Gagner la guerre, Jean-Philippe Jaworski

Audiobook lu par Jean-Christophe Lebert

Quatrième de couverture

Au bout de dix heures de combat, quand j’ai vu la flotte du Chah flamber d’un bout à l’autre de l’horizon, je me suis dit : « Benvenuto, mon fagot, t’as encore tiré tes os d’un rude merdier ».

Sous le commandement de mon patron, le podestat Leonide Ducatore, les galères de la République de Ciudalia venaient d’écraser les escadres du Sublime Souverain de Ressine. La victoire était arrachée, et je croyais que le gros de la tourmente était passé. Je me gourais sévère.

Gagner une guerre, c’est bien joli, mais quand il faut partager le butin entre les vainqueurs, et quand ces triomphateurs sont des nobles pourris d’orgueil et d’ambition, le coup de grâce infligé à l’ennemi n’est qu’un amuse-gueule. C’est la curée qui commence. On en vient à regretter les bonnes vieilles batailles rangées et les tueries codifiées selon l’art militaire.

Désormais, pour rafler le pactole, c’est au sein de la famille qu’on sort les couteaux. Et il se trouve que les couteaux, justement, c’est plutôt mon rayon…

Avis

Le style est une très grande force de ce roman. L’usage d’un vocabulaire précis, riche, avec un argot très poétique, dont on ne connaît pas tous les mots, mais qui est vite compréhensible, ce qui ajoute au charme.

Le ton rugueux plein de sarcasmes est un vrai délice ? J’ai ri régulièrement. Et dans les moments d’action, pas de temps mort. Il faut toujours replacer les écarts de langage et de mœurs des personnages dans l’époque fictive. Par contre, parfois, la narration se perd dans de longues descriptions. Il faut rappeler qu’il s’agit d’un auteur qui écrit aussi pour le jeu de rôle. Ainsi, ces passages concernant l’Ancien Royaume sont plus importants pour les joueurs que les lecteurs impatients. Ces intermèdes concernant l’univers peuvent prendre plusieurs pages, dans un ouvrage qui est déjà bien épais.

La narration est à la première personne. Les aventures sont racontées par le héros et régulièrement, il nous interpelle souvent. Ainsi, désormais mis au courant des manigances des Grands de Ciudalia, nos vies sont à présents en danger. ^^

Les magies pratiquées donnent un véritable cachet à cet univers. Ainsi, on découvre peu à peu et des types de magie assez différentes entre les camps, les elfes et les autres praticiens de l’art ou de la théologie.

Le héros est donc un assassin reconnu, un maître espion de l’un des plus grands sénateurs de la ville, un ancien barbouze et mercenaire. Il se fait copieusement casser la gueule de de l’une de ses missions, ce qui lui vaudra une reconnaissance méritée et imméritée selon ses interlocuteurs. Mais les honneurs et la disgrâce ne sont jamais bien loin l’une de l’autre. Cudalia ressemble à une ville italienne de la Renaissance qui aurait gardé un système politique digne de la Rome antique. La République est confrontée à un empire oriental, à des baronnies d’allures médiévales européennes et aux Marches : une zone floue issue d’affrontements magiques de grandes ampleurs, pays où l’on peut croiser quelques autres races, elfiques et naines incluses.

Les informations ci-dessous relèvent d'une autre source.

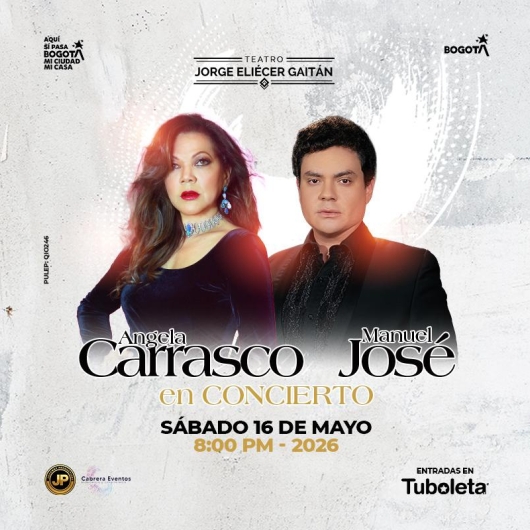 Destacados ROA | LATAM TOUR 2026 Royal Center Bogotá 15 Mayo Vie 15 Mayo PLANCHA SINFÓNICA EL TESORO Teatro El Tesoro Medellín 15 Mayo Vie 15 Mayo DIEGO EL CIGALA Teatro Jorge Eliécer Gaitán Bogotá 15 Mayo Vie 15 Mayo NATALIA LAFOURCADE Movistar Arena Bogotá 15 Mayo Vie 15 Mayo SILVESTRE & JUANCHO | EL BAILE DE TODOS Estadio El Campín Bogotá 15 Mayo Vie 15 Mayo OPERA QUEEN FILARMÓNICO CALI Teatro Municipal Enrique Buenaventura Cali 15 Mayo Vie 15 Mayo LOS AÑOS MARAVILLOSOS Teatro Cafam - Av. Car 68 No. 90 - 88 Bogotá Desde 15 Mayo Vie 15 Mayo Hasta 16 Mayo Sáb 16 Mayo ANGELA CARRASCO Y MANUEL JOSÉ Teatro Jorge Eliécer Gaitán Bogotá 16 Mayo Sáb 16 Mayo NELSON VELÁSQUEZ | 25 AÑOS DE CARRERA MUSICAL Movistar Arena Bogotá 16 Mayo Sáb 16 Mayo RITVALES RAIZ 2026 Jardín Botánico - Orquideorama Medellín 16 Mayo Sáb 16 Mayo Paginación « Primero Primera página ‹ Anterior Página anterior … 3 4 5 6 7 8 9 10 11 … Siguiente › Siguiente página Último » Última página

Côté scénario, il s’agit d’un récit d’aventure d’action, de mensonges, de complots, de vendettas. Benvenuto est fasciné par son patron, un politicien retors et ambitieux. Il est en bisbille avec l’un des plus grands maîtres peintres de la ville. Il va souvent côtoyer un sorcier nécromant aussi pourri, ambitieux qu’urbain. Ses relations avec la fille de son boss vont être une belle source d’ennuis. Sans compter tous ceux prêts à lui enfoncer un poignard dans le bide ou à le pendre haut et court.

Benvenuto a pourtant le chic pour éviter de se jeter dans les batailles s’il peut rester en retrait. En revanche, il ne sait pas résister à un jeu de cartes. En tout cas, il est un très bon conteur de récit, et à la fin du roman, il sera obligé d’être héroïque contre son gré afin de finir avec un épilogue absolument excellent.

On retrouve dans ce récit l’absence de manichéisme propre à un large pan de la fantasy moderne francophone. On a plaisir d’être au côté de ce salaud sympathique dont la rage de vivre nous fait tourner page après page l’énorme pavasse de ses errances et aventures.

Un chef d’œuvre, tout simplement, primé une unique fois alors qu’il aurait dû raffoler tous les prix de SFFF français l’année de sa sortie tant il est exceptionnel.